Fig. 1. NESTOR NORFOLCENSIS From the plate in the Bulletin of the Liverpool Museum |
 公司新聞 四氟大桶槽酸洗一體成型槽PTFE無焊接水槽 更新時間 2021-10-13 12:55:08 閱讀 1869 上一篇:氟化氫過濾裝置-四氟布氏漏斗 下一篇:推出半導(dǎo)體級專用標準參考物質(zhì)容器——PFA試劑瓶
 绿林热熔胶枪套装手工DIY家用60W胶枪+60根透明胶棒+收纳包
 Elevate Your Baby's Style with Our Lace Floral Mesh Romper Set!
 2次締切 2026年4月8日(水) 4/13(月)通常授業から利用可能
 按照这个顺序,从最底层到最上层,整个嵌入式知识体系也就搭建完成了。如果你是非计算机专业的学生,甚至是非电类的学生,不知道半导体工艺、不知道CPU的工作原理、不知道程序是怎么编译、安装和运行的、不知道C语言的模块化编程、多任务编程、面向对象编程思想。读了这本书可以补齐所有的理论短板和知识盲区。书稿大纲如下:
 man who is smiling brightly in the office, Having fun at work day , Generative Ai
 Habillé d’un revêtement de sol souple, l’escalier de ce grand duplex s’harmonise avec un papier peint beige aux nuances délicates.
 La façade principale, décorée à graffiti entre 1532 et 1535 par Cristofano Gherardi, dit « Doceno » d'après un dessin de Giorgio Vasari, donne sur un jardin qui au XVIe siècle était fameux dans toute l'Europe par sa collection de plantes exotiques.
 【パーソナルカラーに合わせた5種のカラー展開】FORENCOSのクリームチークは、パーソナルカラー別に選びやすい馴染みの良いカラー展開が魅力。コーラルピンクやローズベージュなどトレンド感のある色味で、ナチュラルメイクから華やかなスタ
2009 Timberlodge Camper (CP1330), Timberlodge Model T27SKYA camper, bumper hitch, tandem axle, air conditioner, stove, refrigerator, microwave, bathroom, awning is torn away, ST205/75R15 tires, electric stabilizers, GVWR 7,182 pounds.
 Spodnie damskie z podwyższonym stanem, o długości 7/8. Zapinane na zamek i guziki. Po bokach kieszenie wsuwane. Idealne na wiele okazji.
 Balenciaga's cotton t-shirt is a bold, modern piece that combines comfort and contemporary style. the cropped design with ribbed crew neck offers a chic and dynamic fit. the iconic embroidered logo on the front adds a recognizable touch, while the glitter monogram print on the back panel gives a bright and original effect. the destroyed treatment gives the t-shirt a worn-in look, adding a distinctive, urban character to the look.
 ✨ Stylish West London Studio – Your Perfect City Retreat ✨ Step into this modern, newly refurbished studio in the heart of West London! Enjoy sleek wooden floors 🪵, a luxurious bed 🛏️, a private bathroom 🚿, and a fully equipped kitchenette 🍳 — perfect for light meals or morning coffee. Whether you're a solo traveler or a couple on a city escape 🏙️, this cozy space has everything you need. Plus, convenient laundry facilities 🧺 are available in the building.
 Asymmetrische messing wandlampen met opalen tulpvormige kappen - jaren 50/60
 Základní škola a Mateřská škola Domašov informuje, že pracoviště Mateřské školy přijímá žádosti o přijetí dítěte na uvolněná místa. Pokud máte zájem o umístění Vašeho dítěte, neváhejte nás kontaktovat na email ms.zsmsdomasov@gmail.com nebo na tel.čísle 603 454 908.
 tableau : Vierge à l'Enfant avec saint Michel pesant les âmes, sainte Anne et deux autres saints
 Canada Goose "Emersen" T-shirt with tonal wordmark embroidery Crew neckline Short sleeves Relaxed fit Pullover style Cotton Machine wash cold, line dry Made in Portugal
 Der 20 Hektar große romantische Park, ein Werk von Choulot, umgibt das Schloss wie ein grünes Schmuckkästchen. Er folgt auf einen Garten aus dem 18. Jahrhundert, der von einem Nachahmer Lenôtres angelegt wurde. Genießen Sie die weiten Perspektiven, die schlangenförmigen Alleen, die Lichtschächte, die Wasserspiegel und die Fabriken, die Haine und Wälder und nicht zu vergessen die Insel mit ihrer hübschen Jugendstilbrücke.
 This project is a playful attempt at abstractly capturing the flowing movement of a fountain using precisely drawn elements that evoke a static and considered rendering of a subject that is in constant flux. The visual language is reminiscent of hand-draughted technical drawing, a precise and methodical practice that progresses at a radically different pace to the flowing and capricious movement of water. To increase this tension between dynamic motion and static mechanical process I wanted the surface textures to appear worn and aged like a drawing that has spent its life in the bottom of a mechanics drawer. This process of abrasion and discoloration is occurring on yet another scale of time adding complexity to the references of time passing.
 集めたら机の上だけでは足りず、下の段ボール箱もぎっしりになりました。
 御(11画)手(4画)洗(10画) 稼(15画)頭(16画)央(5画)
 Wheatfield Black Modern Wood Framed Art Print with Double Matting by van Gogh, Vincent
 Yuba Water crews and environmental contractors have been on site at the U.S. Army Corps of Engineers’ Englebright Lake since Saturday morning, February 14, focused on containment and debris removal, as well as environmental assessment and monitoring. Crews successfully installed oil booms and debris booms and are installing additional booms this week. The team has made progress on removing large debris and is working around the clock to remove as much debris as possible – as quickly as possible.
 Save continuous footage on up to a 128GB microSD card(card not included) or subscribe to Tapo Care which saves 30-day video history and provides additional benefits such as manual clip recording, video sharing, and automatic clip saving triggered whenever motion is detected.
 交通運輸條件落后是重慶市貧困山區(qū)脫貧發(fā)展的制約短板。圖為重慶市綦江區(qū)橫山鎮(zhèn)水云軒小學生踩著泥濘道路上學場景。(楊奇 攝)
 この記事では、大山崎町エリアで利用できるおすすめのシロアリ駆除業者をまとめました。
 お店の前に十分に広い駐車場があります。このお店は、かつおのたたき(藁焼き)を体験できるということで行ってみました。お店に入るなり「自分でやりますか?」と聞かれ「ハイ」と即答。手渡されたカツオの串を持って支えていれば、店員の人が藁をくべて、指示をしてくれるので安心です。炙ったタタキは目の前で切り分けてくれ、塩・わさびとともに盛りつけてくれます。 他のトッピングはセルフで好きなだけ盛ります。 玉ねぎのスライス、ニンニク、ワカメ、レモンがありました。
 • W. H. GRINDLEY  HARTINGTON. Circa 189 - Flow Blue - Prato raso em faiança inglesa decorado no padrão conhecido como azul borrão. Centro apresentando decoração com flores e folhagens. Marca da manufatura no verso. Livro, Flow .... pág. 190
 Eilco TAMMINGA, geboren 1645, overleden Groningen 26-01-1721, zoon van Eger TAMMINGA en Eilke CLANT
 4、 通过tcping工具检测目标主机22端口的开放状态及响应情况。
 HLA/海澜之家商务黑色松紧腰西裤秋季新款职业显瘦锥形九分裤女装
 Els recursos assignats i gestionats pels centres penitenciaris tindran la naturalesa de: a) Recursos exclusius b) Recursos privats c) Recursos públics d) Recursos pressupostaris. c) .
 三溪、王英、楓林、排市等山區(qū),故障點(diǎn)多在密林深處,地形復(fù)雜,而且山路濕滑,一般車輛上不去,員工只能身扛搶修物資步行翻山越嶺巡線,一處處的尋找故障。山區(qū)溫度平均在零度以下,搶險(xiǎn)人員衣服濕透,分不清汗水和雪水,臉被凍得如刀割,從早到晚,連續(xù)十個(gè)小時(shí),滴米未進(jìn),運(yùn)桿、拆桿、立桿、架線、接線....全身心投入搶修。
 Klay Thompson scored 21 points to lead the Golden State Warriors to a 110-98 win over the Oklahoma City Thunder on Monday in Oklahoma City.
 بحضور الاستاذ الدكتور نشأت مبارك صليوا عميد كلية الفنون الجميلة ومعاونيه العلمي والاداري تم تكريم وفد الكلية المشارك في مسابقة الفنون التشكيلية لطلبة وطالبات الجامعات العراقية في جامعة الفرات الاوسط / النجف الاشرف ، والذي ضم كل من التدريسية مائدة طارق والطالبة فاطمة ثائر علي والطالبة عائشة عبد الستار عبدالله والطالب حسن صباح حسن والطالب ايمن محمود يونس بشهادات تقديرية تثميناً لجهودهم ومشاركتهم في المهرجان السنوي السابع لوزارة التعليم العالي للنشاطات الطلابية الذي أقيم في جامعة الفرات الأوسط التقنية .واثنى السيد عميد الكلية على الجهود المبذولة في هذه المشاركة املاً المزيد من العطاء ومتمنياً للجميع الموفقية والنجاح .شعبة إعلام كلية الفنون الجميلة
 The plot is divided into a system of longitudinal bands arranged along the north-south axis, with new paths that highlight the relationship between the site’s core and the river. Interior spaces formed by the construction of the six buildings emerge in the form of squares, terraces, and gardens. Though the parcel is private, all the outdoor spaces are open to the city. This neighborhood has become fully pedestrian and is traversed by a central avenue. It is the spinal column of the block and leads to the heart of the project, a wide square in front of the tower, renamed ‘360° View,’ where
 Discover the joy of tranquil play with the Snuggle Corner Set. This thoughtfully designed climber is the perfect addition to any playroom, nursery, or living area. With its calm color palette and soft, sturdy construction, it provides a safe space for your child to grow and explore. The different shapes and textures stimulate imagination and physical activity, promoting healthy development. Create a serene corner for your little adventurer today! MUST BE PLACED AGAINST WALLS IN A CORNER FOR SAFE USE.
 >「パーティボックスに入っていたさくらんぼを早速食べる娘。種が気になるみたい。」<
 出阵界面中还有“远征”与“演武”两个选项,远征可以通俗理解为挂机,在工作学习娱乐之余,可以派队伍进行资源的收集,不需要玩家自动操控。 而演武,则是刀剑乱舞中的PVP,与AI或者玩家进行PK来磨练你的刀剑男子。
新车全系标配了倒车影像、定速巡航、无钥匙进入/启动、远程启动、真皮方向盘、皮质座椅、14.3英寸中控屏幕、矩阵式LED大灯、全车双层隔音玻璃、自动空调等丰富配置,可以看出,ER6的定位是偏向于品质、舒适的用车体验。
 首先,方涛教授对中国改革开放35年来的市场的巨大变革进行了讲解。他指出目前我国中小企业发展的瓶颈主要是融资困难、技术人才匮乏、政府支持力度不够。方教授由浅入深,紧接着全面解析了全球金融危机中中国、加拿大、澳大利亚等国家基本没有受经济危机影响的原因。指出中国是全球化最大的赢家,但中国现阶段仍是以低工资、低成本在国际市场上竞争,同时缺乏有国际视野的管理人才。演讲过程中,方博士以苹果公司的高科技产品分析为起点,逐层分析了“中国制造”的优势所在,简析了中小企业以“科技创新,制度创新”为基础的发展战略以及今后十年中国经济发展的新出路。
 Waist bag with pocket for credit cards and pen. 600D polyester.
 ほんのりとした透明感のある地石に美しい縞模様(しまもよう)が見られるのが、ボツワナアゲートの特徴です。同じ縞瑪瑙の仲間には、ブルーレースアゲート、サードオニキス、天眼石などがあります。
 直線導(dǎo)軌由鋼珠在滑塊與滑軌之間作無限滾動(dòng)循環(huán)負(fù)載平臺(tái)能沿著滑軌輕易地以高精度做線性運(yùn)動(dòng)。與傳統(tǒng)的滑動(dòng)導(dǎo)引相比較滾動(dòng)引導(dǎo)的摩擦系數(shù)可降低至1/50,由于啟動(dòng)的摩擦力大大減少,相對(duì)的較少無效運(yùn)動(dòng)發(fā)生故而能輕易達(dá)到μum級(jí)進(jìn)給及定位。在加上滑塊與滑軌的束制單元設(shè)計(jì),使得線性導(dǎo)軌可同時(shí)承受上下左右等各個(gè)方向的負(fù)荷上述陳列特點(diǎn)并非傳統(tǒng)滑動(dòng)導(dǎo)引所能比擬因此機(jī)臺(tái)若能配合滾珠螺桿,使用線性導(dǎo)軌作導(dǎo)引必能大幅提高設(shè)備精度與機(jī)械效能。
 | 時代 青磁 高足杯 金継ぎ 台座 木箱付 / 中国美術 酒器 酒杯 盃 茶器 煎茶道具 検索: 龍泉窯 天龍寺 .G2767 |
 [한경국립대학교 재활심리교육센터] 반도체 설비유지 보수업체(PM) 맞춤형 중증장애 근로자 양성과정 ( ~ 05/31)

########################################

# What this task involves:
Up to and including the line with "2次締切 2026年4月8日(水) 4/13(月)通常授業から利用可能", transcribe the entries above exactly, starting from their first line.

# Result of this exercise:
Fig. 1. NESTOR NORFOLCENSIS From the plate in the Bulletin of the Liverpool Museum |
 公司新聞 四氟大桶槽酸洗一體成型槽PTFE無焊接水槽 更新時間 2021-10-13 12:55:08 閱讀 1869 上一篇:氟化氫過濾裝置-四氟布氏漏斗 下一篇:推出半導(dǎo)體級專用標準參考物質(zhì)容器——PFA試劑瓶
 绿林热熔胶枪套装手工DIY家用60W胶枪+60根透明胶棒+收纳包
 Elevate Your Baby's Style with Our Lace Floral Mesh Romper Set!
 2次締切 2026年4月8日(水) 4/13(月)通常授業から利用可能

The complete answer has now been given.